* Work item
Reproduce the lines below exactly, from the one containing "lagunagelbe Bluse der" through the one containing "Les tapis Kazak", both included. Leave out any pictures.

* Records to use
****

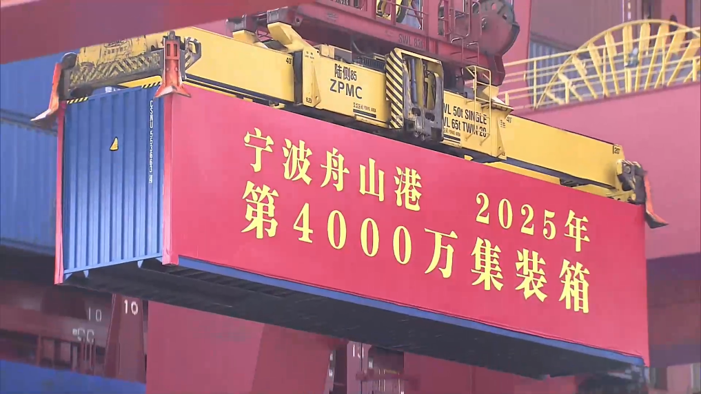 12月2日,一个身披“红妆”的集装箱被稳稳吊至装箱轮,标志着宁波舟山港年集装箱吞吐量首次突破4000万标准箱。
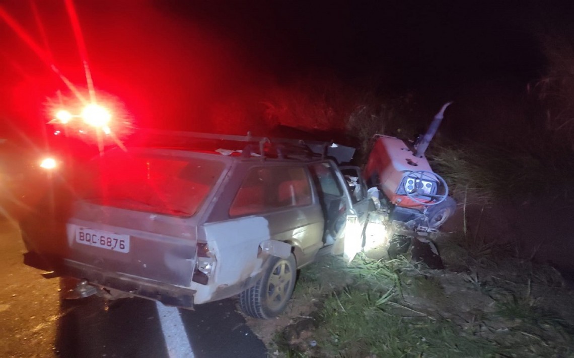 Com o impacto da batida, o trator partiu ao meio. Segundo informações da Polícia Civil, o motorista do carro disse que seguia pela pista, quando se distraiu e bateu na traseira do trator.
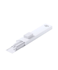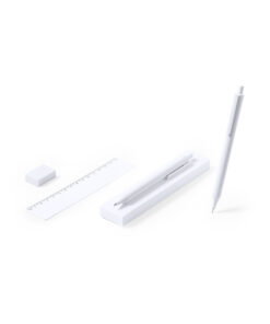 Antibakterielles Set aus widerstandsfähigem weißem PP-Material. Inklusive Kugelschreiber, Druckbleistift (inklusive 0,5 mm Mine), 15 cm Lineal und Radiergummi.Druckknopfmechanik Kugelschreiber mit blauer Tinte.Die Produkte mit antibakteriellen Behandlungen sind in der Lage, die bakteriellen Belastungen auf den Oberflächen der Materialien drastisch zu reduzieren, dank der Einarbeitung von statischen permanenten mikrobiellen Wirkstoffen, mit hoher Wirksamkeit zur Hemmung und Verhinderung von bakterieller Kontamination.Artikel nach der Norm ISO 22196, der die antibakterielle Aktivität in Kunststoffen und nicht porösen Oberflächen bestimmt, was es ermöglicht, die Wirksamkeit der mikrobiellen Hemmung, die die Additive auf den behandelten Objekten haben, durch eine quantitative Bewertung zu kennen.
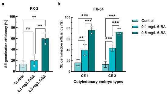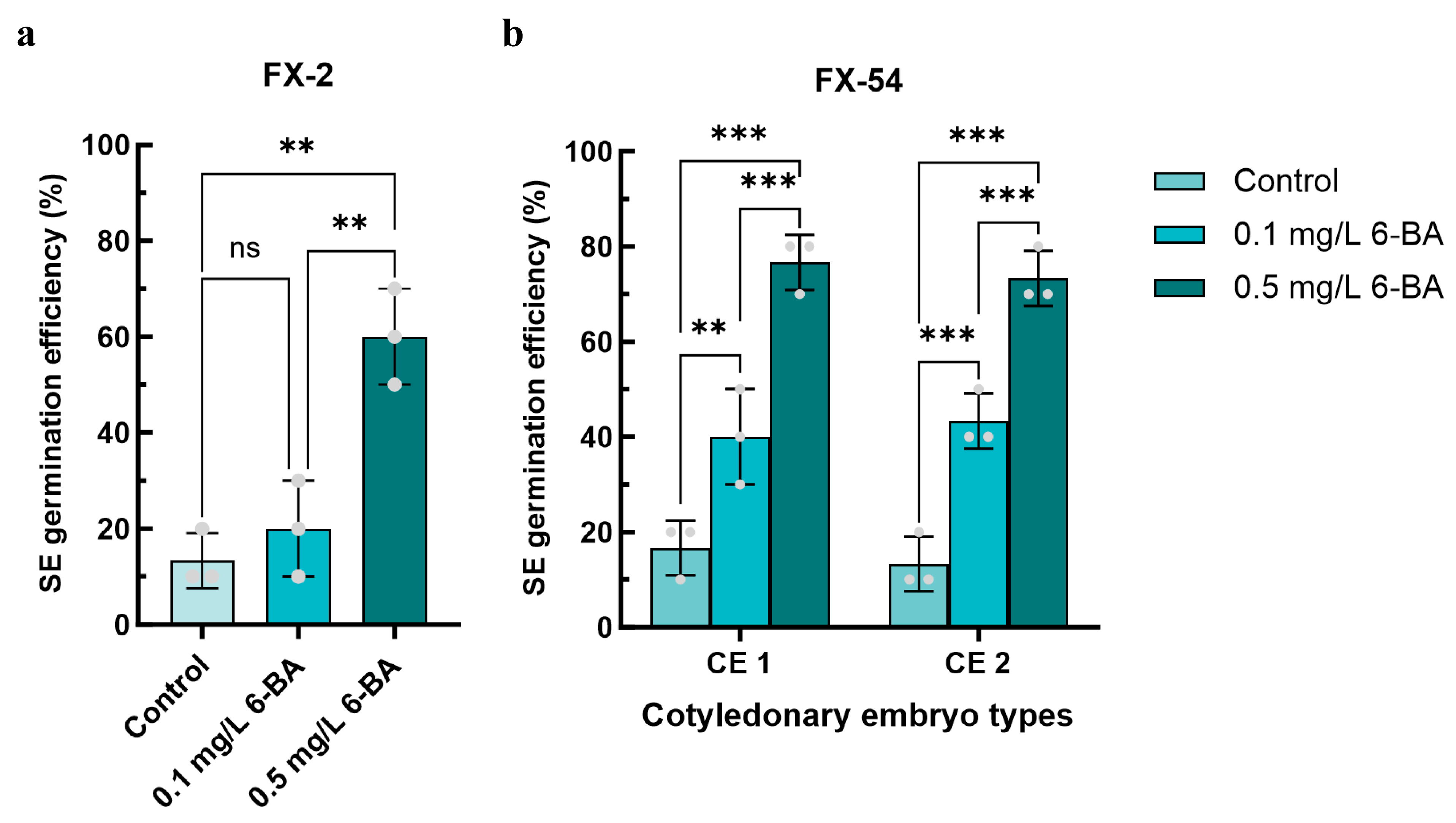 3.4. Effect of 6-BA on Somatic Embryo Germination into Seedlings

****

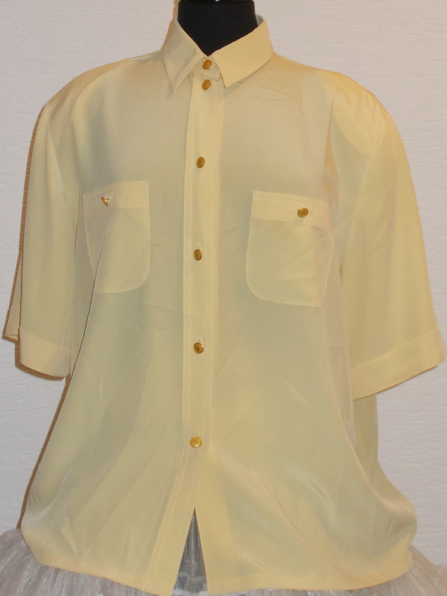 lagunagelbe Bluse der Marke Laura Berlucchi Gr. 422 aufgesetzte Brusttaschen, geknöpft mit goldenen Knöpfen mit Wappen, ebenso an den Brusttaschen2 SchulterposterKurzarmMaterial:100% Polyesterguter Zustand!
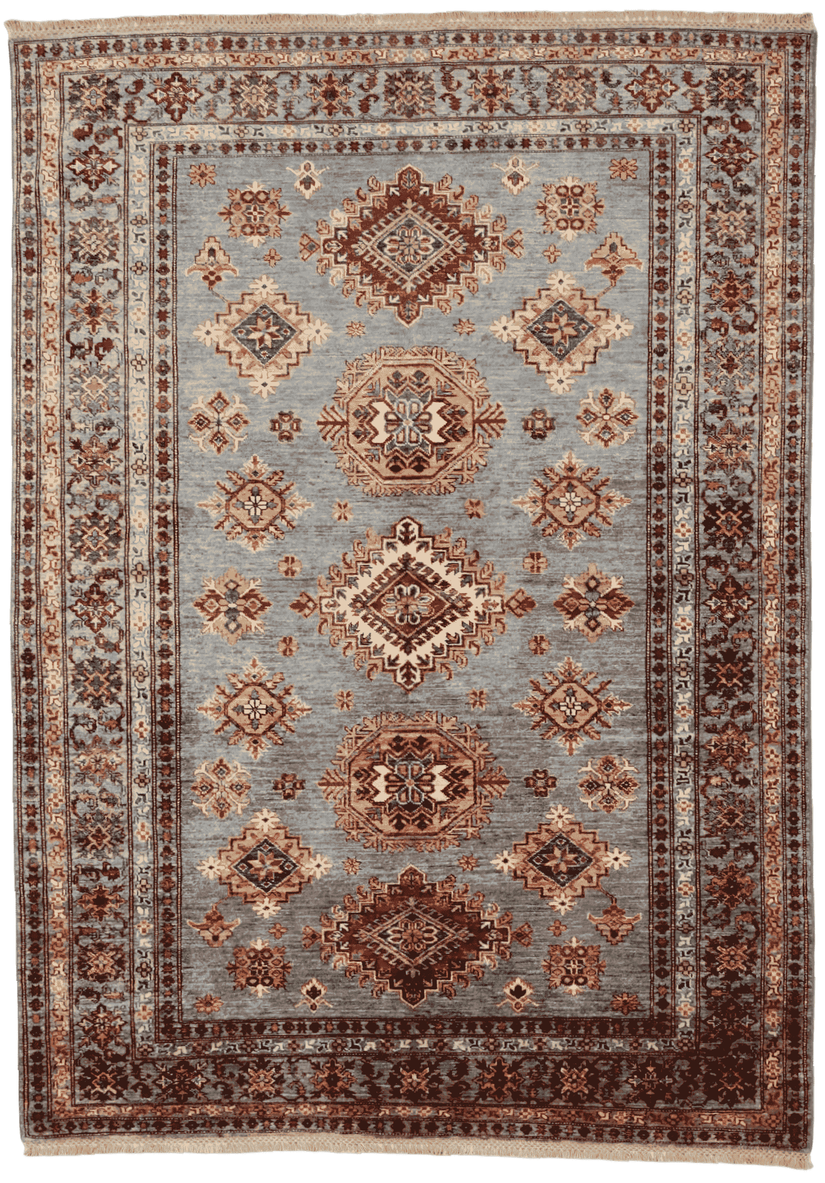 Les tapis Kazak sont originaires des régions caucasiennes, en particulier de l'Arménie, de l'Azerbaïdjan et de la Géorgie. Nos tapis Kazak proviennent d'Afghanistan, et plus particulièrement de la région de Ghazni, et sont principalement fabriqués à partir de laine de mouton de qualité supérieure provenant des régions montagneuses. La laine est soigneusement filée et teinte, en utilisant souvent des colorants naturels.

****

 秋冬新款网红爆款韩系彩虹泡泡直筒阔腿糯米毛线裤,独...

****

* Solution to this task
 lagunagelbe Bluse der Marke Laura Berlucchi Gr. 422 aufgesetzte Brusttaschen, geknöpft mit goldenen Knöpfen mit Wappen, ebenso an den Brusttaschen2 SchulterposterKurzarmMaterial:100% Polyesterguter Zustand!
 Les tapis Kazak sont originaires des régions caucasiennes, en particulier de l'Arménie, de l'Azerbaïdjan et de la Géorgie. Nos tapis Kazak proviennent d'Afghanistan, et plus particulièrement de la région de Ghazni, et sont principalement fabriqués à partir de laine de mouton de qualité supérieure provenant des régions montagneuses. La laine est soigneusement filée et teinte, en utilisant souvent des colorants naturels.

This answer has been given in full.